Thursday, June 10, 2010

Optimizing Your Writing:::Feng Shui & Your Desk

Tisha Morris, our guest blogger, is the author of 27 Things to Feng Shui Your Home, available on, or directly from her site, Mind Body Om. This is the final stop on her spring blog tour to promote her new book.
An attorney turned Feng Shui expert and healer, she has much to share about creating an empowering living environment. And for you, our readers, she offers tips on using Feng Shui in your writer's work space, for optimal writing results.

Your Own Space

One of the best things about being a writer is that there is virtually no overhead. All you need is a computer and a bit of discipline. But creating a designated office space is often overlooked by writers -- not to mention creating a feng shui-ed office space.

Whether writing fiction or nonfiction, blogs or books, a writer spends her day pouring parts of herself onto the page, and from there, into the world. Emotionally and intellectually, it can be a very vulnerable place. This is one reason why having an office space is so important -- a space that is yours and yours alone, with no distractions.

The Right Location

Writers usually work at home, but finding adequate office space can be challenging.
If square footage is an issue, then home offices typically find themselves sharing space with guests (the guest room); daily meals (the kitchen table); or living room activities (a desk in the corner). So it takes some creative planning to make a home office work for a writer.

The first step is to select one location for your workspace. Ideally, this is a designated home office. But it could be a comfortable chair, your bed, or the ever-popular kitchen table. Whatever the space, it is important that you make it your space. In other words, this is the place you go to write. As with meditation, when you use the same space each time, it helps you drop into the flow more easily. It also signals that you're making writing an important priority.

Here's an aside about working in coffee shops: Some people need the stimulation of other people in their vicinity to get motivated to write. For others, people in their environment is -- at worst, irritating; and at best, distracting. Experiment to discover what works for you.

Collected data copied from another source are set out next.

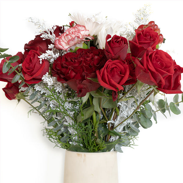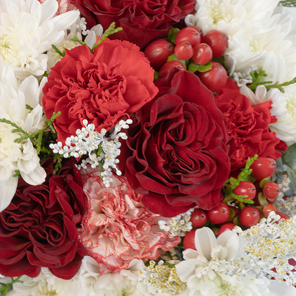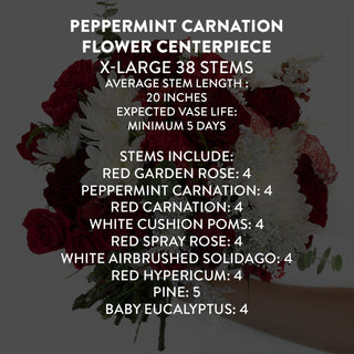 Transform your special events with the Peppermint Carnation Flower Centerpiece—a delightful prearranged collection of festive florals. Featuring red roses, spray roses, white mums, red and peppermint carnations, hypericum berries, and more, this centerpiece is thoughtfully designed to add a touch of seasonal magic to any setting.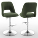 Elevate your space with these modern barstools featuring boucle fabric upholstery and chrome bases. Adjustable height, built-in footrests, and swivel seats ensure optimal seating comfort, making them perfect for home bars or kitchen islands. Colors are available in Dark Gray, Green, Black, and Beige.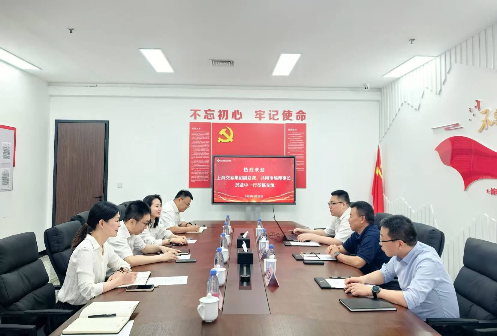 5月22日,上海交易集團(tuán)副總裁、長江流域產(chǎn)權(quán)交易共同市場(以下簡稱“共同市場”)理事長邱益中一行到長沙數(shù)字集團(tuán)下屬長沙聯(lián)交所走訪調(diào)研并開展座談交流。長沙聯(lián)交所黨支部書記、總經(jīng)理嚴(yán)愛萍主持工作交流座談會。長沙數(shù)字集團(tuán)黨委委員、董事、副總經(jīng)理陳西參加交流。雙方圍繞區(qū)域要素市場協(xié)同發(fā)展、陽光采購、創(chuàng)新業(yè)務(wù)培育、打造特色專業(yè)人才隊(duì)伍等進(jìn)行了深入探討。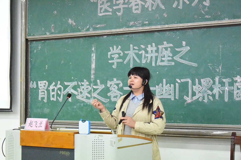 赵飞兰老师为学生进行题目为《胃的不速之客——幽门螺旋杆菌》学术讲座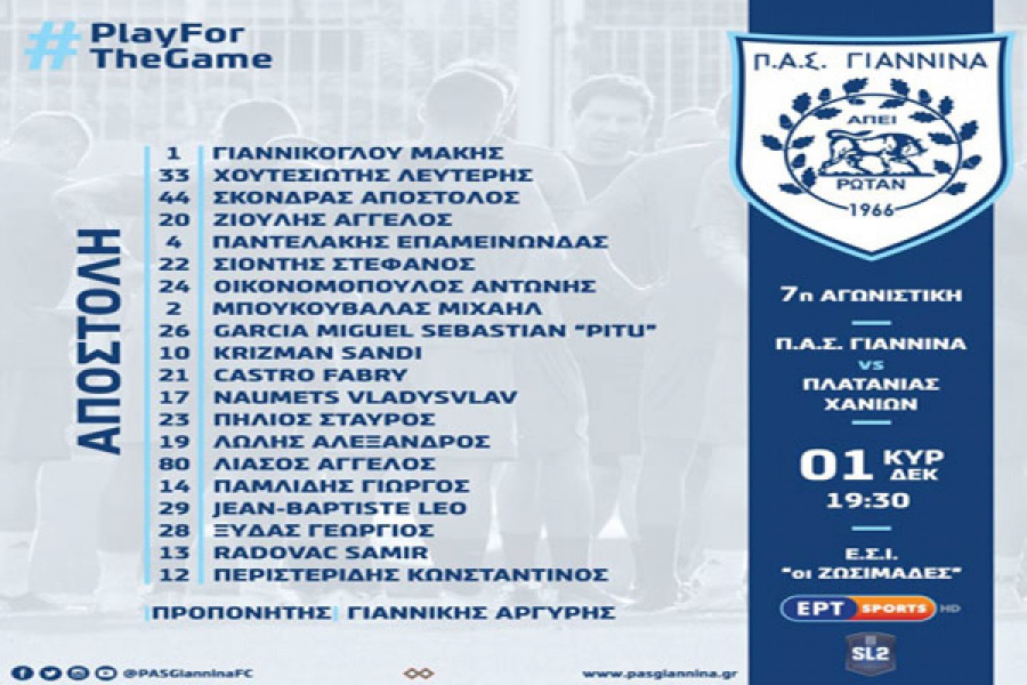 Εκτός των Αποστολόπουλου και Καρτάλη στην αποστολή δεν είναι οι τραυματίες Σεργκελαβσίλι, Νικολιάς και Ελευθεριάδης και οι Πανουργιάς,Γώγος, Βενετικίδης, Ζώγκος,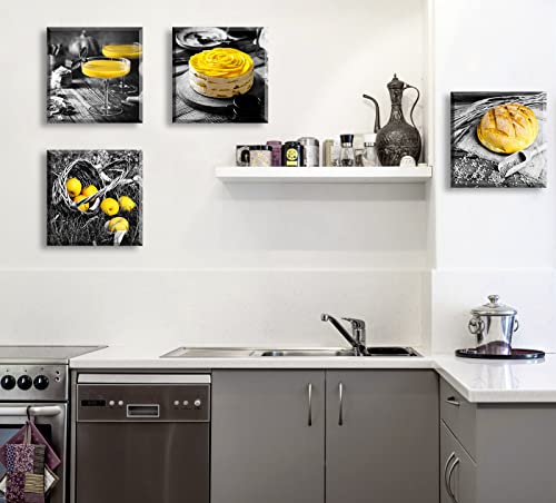 Kitchen Decor:kitchen wall decor,kitchen wall art,yellow kitchen decor,kitchen accessories,farmhouse wall art,the black and white yellow food picture very suitable for black, white, gray, yellow, blue, gold, brown, pink, light green wall decoration accessories.adds nice color to the room,makes your room look more beautiful and injects the soul of modern decoration.
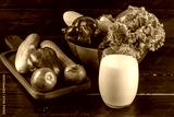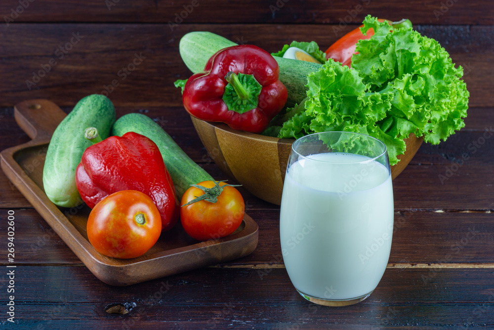 A green salad in wood cup consisting of a mixture With milk in a glass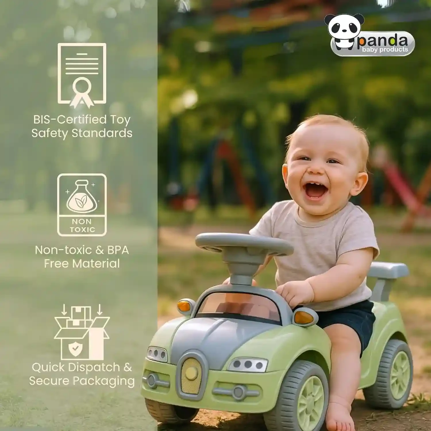 Buzz Rider Car Ride-On with Music, Horn & Parental Push Handle – Green | For Kids 1-3 Years, Up to 20 Kg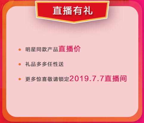 通过线上直播系统,客户可自由选择在线上微商城或线下门店下单,均可享受直播价,礼品多多狂欢送。更多惊喜敬请锁定2019年7月7日直播间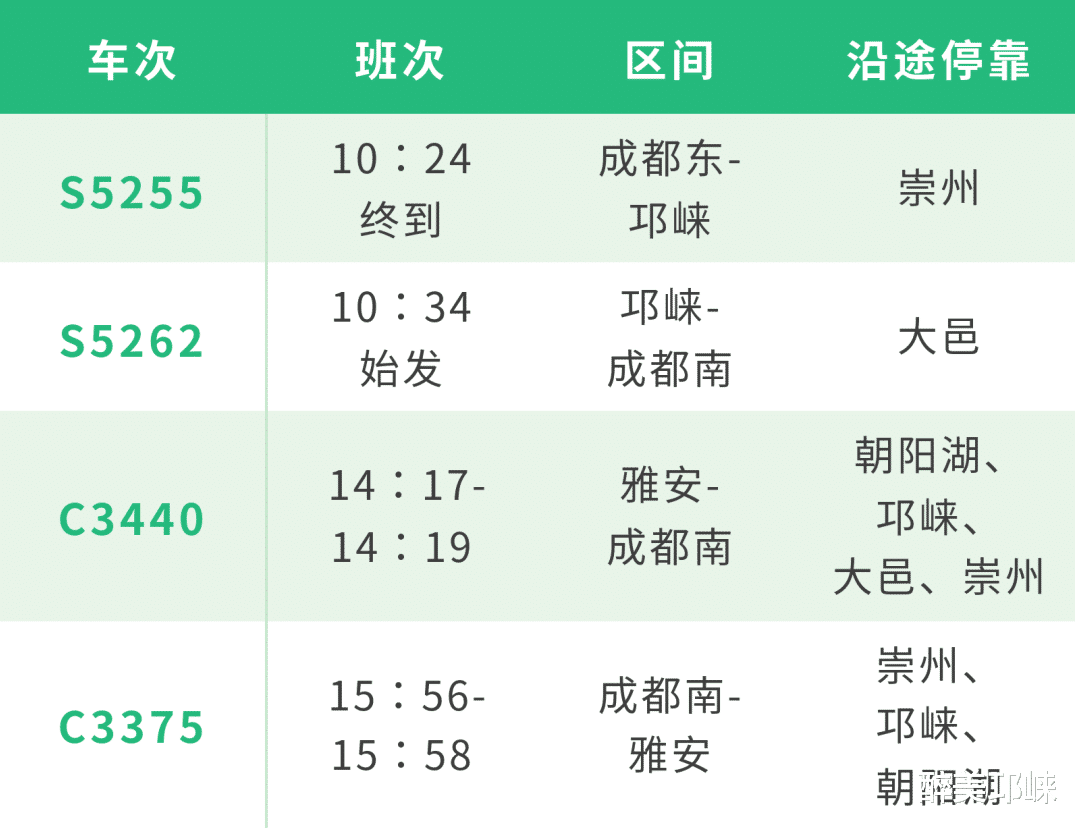 邛崃站车次加开情况: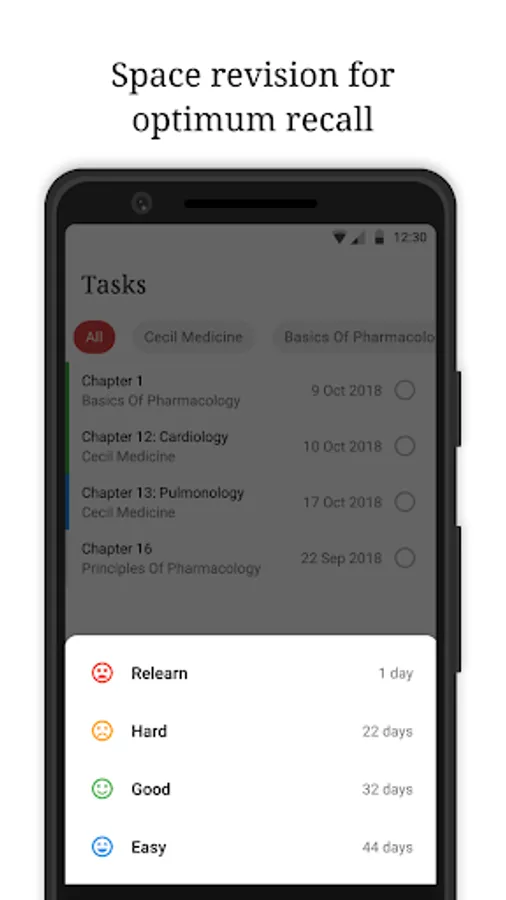Review is a to-do list that schedules revision based on the principle of spaced repetition. Reviews are rescheduled once completed based on their difficulty.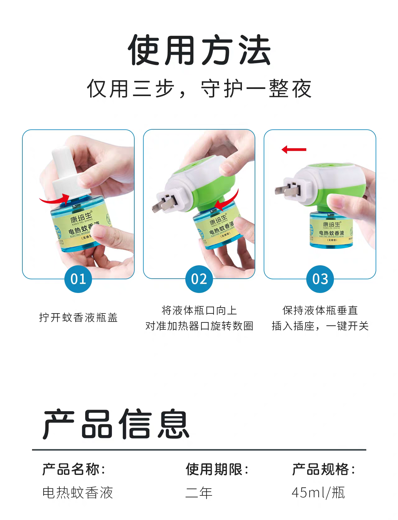 康培生 驱蚊液 蚊香液(2液+1器套装) 柔和 安心 稳定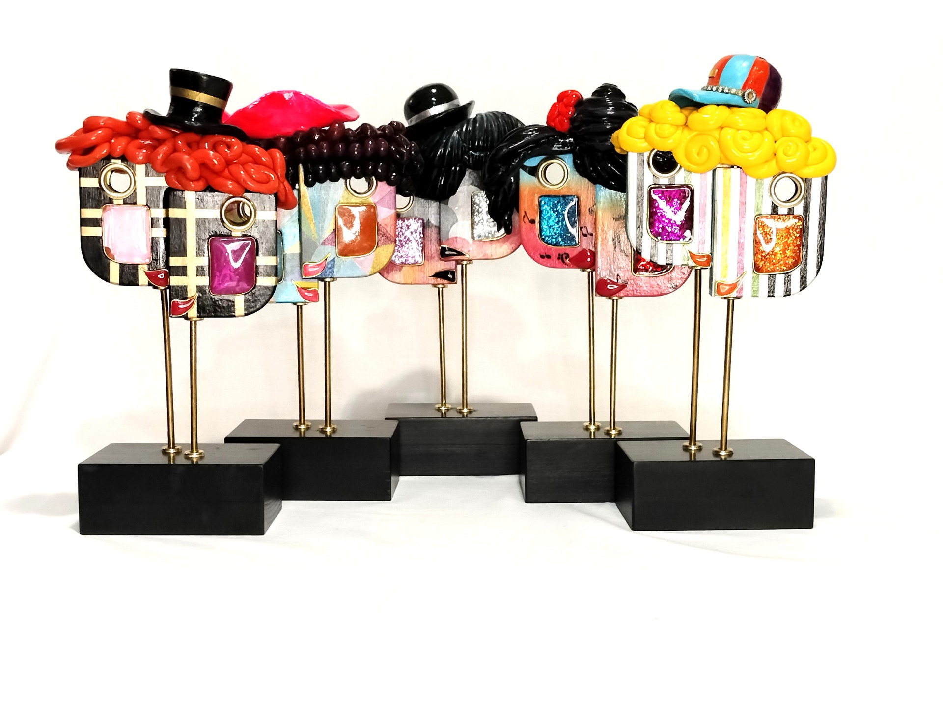 Hace tiempo que llevaba acariciando la idea de iniciarme en la escultura. Empecé por probar y me gustó el resultado. Aquí está una muestra de los trabajos que he realizado hasta la fecha, son coloridas, como mis últimos trabajos, en algunas aprovecho para reciclar recipientes de vidrio y son de pequeño tamaño, todas creadas de forma totalmente artesanal. Seguiré porque me gusta, eso sí, sin dejar la pintura que es mi verdadera pasión.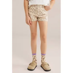 WE Fashion denim straight short met panterprint beige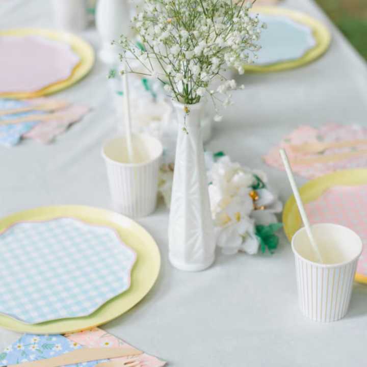 Say no to those icky plastic tablecloths. This beautiful white paper tablecloth looks just like fabric. It drapes nicely and with 7 trendy colors to choose from you can match it up with any party theme or occasion.

The Right Place for Your Desk

There are a few things to keep in mind when setting up a workspace. The most important consideration for any office is its desk placement. When sitting at your desk, you should be in the "Command Position." Simply put, this is the position that puts you "in command," able to survey everything in your surroundings. This position comes from our instinctive need to have visible control of our environment.

The ideal Command Position would be with a view of the door from your chair, a view looking out a window, and a solid wall behind you. This may mean moving your desk into the room and away from the wall. If this is absolutely not possible, then put up a mirror that allows you to see the door in its reflection. If you do not use a desk, but instead use a countertop, or even your lap, it is still important to face the door entering the room. You want to feel confident as you sit in your space -- whether you are home alone, or surrounded by a hundred colleagues in a business office.

As an example, let's say a writer's office is doubling as a guest room. In this case, the desk should face the door, but shouldn't be directly in line with it (that would result in too much chi energy flowing into the room, disturbing the writer). It's best if a window is not behind the desk. Why? A wall backing you up offers support, and for writers in an isolated profession, feeling supported is crucial. The writer in this case could simply keep the blind closed, so the feeling of being exposed is minimized.

Clear All Clutter

It is very important to have an uncluttered space when writing. Your mind is directly affected by your environment. So once you designate your workspace, be sure to clear it of all clutter.

What Size Should Your Desk Be?

The size of your desk is a personal choice, and depends upon what you prefer. Everyone likes or requires a different amount of work surface area. For some, an executive-size desk makes them feel more powerful. For others, it's just more space to keep clean. I personally prefer a small desk that will accommodate my laptop, cup of tea, and cell phone.
But I work virtually paperfree, and prefer to keep everything either on my phone or in my computer. So, in my office, my desk isn't large, but it does take center stage. It faces the door without being in direct line with it, and it isn't in front of a window. When you're ready to pick out your desk, find one that fits your work style and is comfortable for you. If you are physically cramped, your creativity can't flow freely.

If you create a designated workspace that feels good to you, you will be more likely to get to work on your writing, to enjoy your writing time, and to be successful with whatever you write.